Никто не пел больше в моей трубе, не стреляли осколками камни в бане. Ни разу не пульнули мне на тропе шишкой в спину. Видно, все, кого выдумал в своём одиночестве Химик, ушли вместе с ним. И Шишкач, и баннушки, и дед Дымовик.
Хороший всё-таки человек Химик. Только немножко странный. А может, тем и хороший, что странный.
Меня разбудили шум и возня во дворе. Всегда молчаливая, взволнованно кокала Ксантипа. Шипел и гневно кашлял Диан. Что-то упало. Что-то звякнуло. Захлопали крылья. Кто-то мягко прыгнул, шмякнулся о дверь, пробежал по сухому сену. Похоже, за стеной шла какая-то потасовка.
Я схватил фонарик и выскочил во двор. Мне в ноги метнулся кот. Он был взъерошен, как ламповый ёрш, и ужасно возбуждён. Диан выгибался калачом, ходил на цыпочках и устрашающе плевался в темноту. Моё появление во дворе укрепило его воинственный дух.
Курицы на месте не было. Я отыскал её фонариком высоко на балке. Луч фонаря будто столкнул Ксантипу. Бестолково размахивая крыльями, она с воплями слетела вниз, как выброшенная из окна тетрадка. Из разорванного куриного гребня текла кровь и бисеринками скатывалась по белой шее. Кто-то пришёл из ночного леса, чтобы убить Ксантипу и полакомиться курятиной. Но кажется, этому помешал кот Диан. Он вступился за подругу по несчастью. И наверное, враг оказался силён и страшен — очень уж кот был взвинчен дракой и никак не мог успокоиться. Я нагнулся, чтобы погладить его, но кот испугался, вздрогнул и снова выгнулся дужкой амбарного замка.

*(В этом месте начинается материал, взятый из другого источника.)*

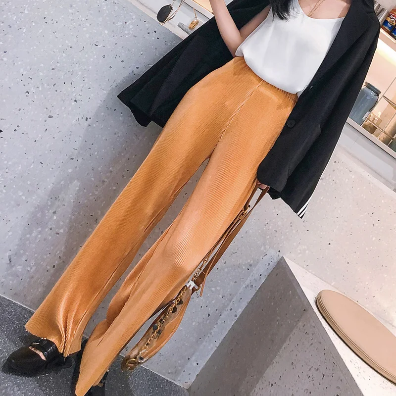 Новинка весна-лето 2021, модные женские винтажные широкие брюки с высокой талией, женские длинные свободные мягкие тонкие плиссированные брюки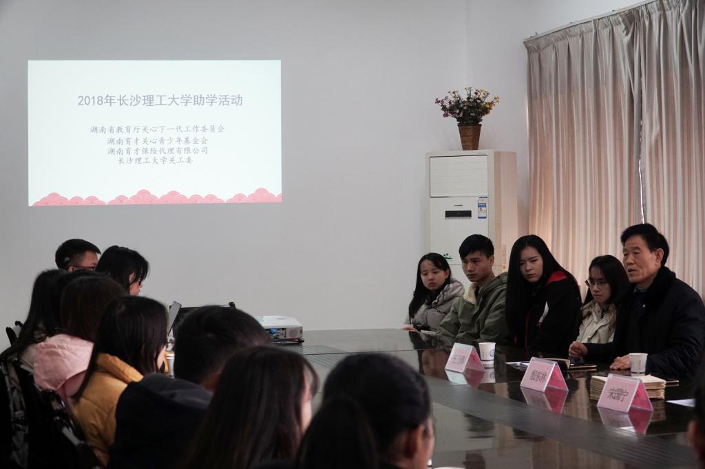 1月9日下午,2018年“湖南省教育厅关心下一代工作委员会、湖南育才关心青少年基金会、湖南育才保险代理有限公司”联合捐资助学活动于二办B404顺利举行。校关工委常务副主任王乃厚,育才保险代理有限公司驻开云官网代表殷东林、学生资助管理办公室主任宋国宁参加。活动由宋国宁主持。
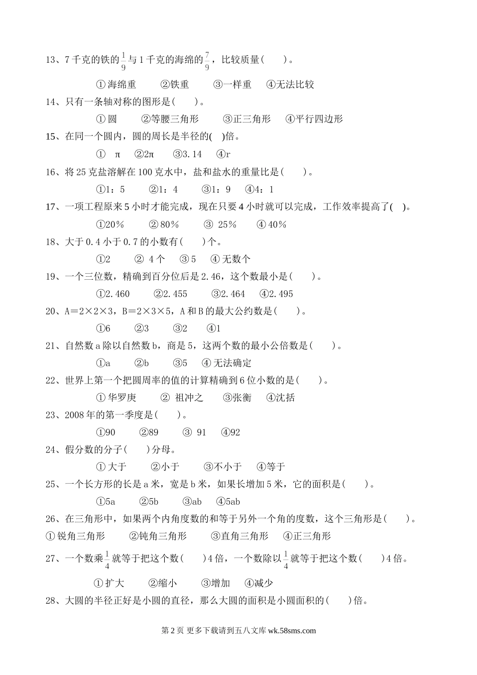 2017年人教版小学六年级数学毕业总复习选择题分类专项练习.doc_第2页
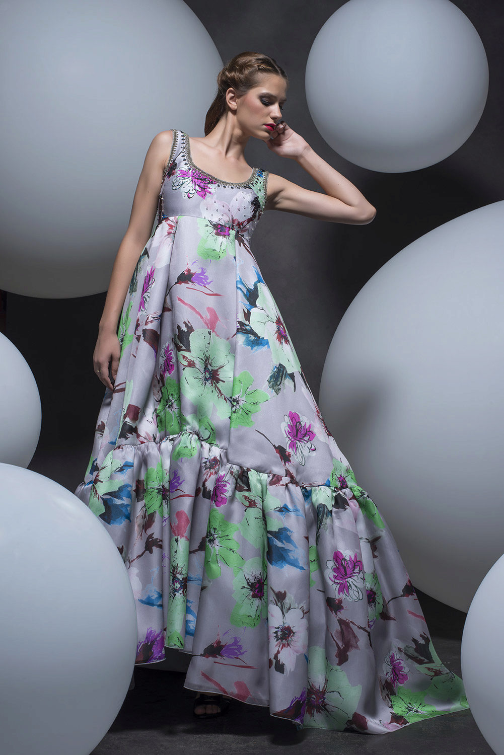 In the styles of evening fashion, Empire, perhaps, beats all records of popularity. There is a huge number of variations of modern empire evening fashion with a traditional sleeve-flashlight, with thin straps or without them.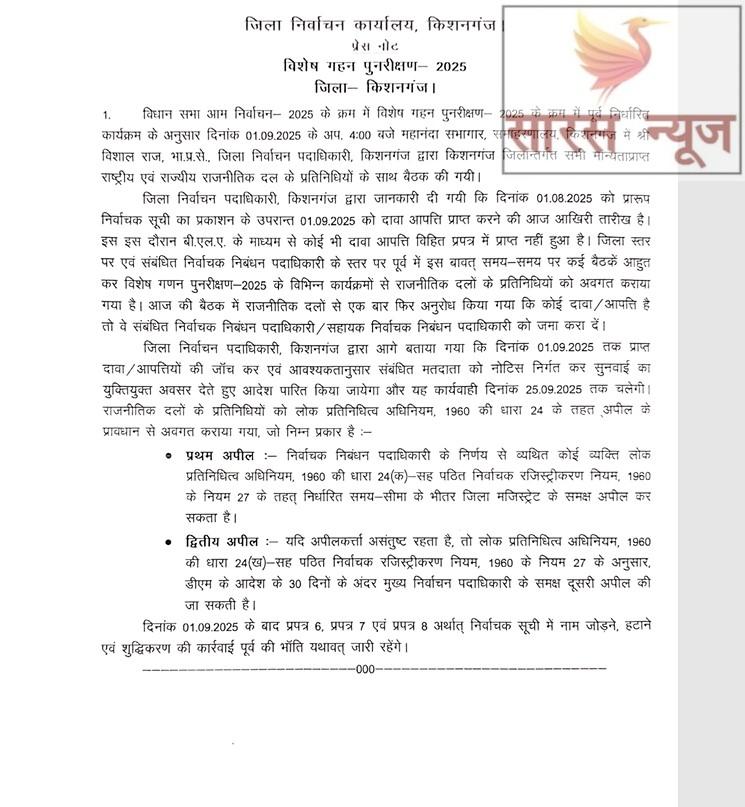 पिछले दिनों जिला एवं निर्वाचक निबंधन पदाधिकारी स्तर पर बार-बार विभिन्न बैठकों और कार्यक्रमों के जरिए सभी मान्यता प्राप्त राष्ट्रीय एवं राज्यीय राजनीतिक दलों के प्रतिनिधियों को विशेष पुनरीक्षण-2025 के चरणों के संबंध में सूचित किया गया। आज बैठक में भी एक बार पुनः सभी दलों से आग्रह किया गया कि यदि कोई दावा या आपत्ति हो तो उसे निर्धारित प्रपत्र में संबंधित पदाधिकारी को शीघ्र जमा करा दें।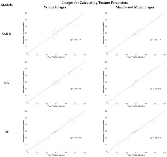 Therefore, the R-squared values of the best friction prediction models via Input 1 and Input 2 are listed in Table 2. Specifically, Ssk, Spk, Spd, and speeds are the selected parameters in SMLR when using whole images, while Sku-mac, Str-mac, Std-mac, Rmin-mac, Str-mac, Sdq-mac, Sk-mac, Sxp-mac, Vmc-mac, Spd-mac, and Spc-mac from macrotexture images, Rmax-mic and Spc-mic from microtexture images, and speeds are the most selected parameters in SMLR when using macro-/microtexture images. Also, Sa, Ssk, Std, Spk, Sk, Spd, and Spc from whole images and speeds are the selected parameters in RF with 100 trees when using whole images, while Ssk-mac, Sku-mac, Std-mac from macrotexture images, Ssk-mic from microtexture images, and speeds are the selected parameters in RF with 250 trees when using macro-/microtexture images. Further, Figure 12 shows the testing examples of the SMLR, NN, and RF models from 10 cross-validations using the prepared testing data from Input 1 and Input 2.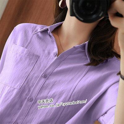 シャツ レディース ブラウス 春夏新作 半袖シャツ オシャレ 無地 トップス 韓国風 着痩せ カジュアル サマーシャツ ゆったり 大きい 気質 20代30代 通勤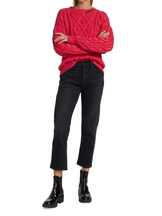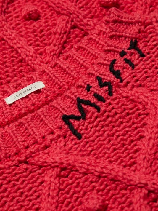 Embroidery embellishes the neckline of this vibrant cable-knit cotton sweater.

Кто же всё-таки напал на Ксантипу?
Двор был пуст.
Я вышел на улицу и посветил с крыльца. Фонарик вырвал из темноты полоску свалявшейся жухлой травы, кусок загороды и ближнюю берёзу. Дальше луч увязал в ночи, рассеивался без остатка в пустом бесконечном воздухе, окружавшем гору.
Неразгаданной осталась в ту ночь тайна покушения на Ксантипу.
На Диановой горе стоит огромная деревянная вышка. Любопытно мне стало — далеко ли с неё видно? Я оставил внизу возле толстой бревенчатой ноги ружьё и рюкзак, полез по узенькой лестнице. Меня окружали брёвна, сбитые здоровенными скобами. Сначала они казались мне вполне прочными. Но чем выше я забирался, тем больше замечал, как повылезли скобы из потрескавшихся балок, как болтается и скрипит под ногой лестница, и вышка становилась не такой уж надёжной… Чтобы не кружилась голова, я вниз не смотрел, а просто лез да лез, пока перед глазами были ступеньки.
Сквозь вышку свободно протекал поднебесный ветер. Он был совсем другим, чем на земле. Поднебесный ветер не метался из стороны в сторону и пахнул не грибами, а студёной ключевой водой. Вышка чуть покачивалась, вздрагивала и тихонько постанывала. Вдруг завалится? Высоко лететь с вышки, которая загремит с горы!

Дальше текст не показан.